- [Information provided]
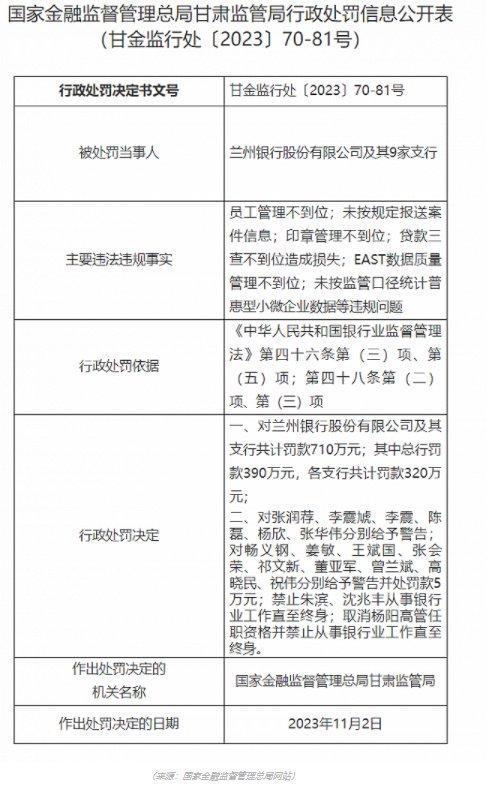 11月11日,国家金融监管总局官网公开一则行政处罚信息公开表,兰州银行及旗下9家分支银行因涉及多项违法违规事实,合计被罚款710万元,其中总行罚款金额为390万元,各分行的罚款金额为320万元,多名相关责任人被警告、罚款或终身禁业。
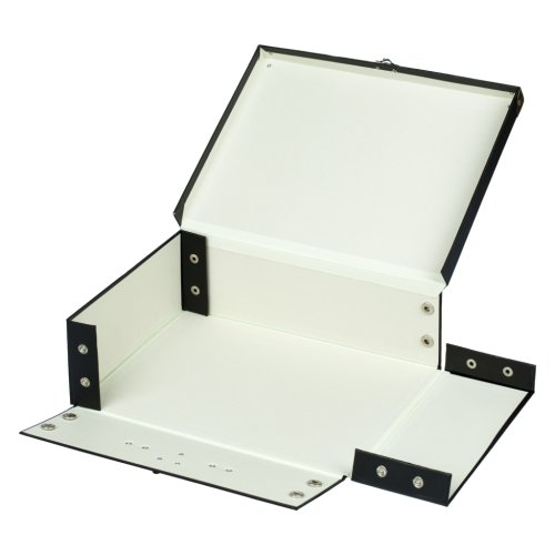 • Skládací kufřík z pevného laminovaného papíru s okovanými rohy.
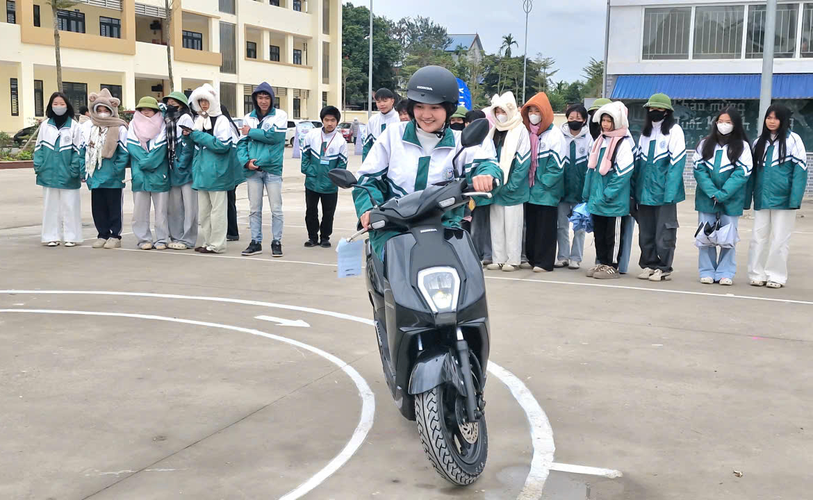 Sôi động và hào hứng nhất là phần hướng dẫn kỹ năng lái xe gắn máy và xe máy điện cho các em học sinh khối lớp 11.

- [What is required] All lines from the one containing "s okovanými rohy." through the end of the data are to be written out exactly, with nothing added; skip the pictures.

- [Solution to this problem]
 • Skládací kufřík z pevného laminovaného papíru s okovanými rohy.
 Sôi động và hào hứng nhất là phần hướng dẫn kỹ năng lái xe gắn máy và xe máy điện cho các em học sinh khối lớp 11.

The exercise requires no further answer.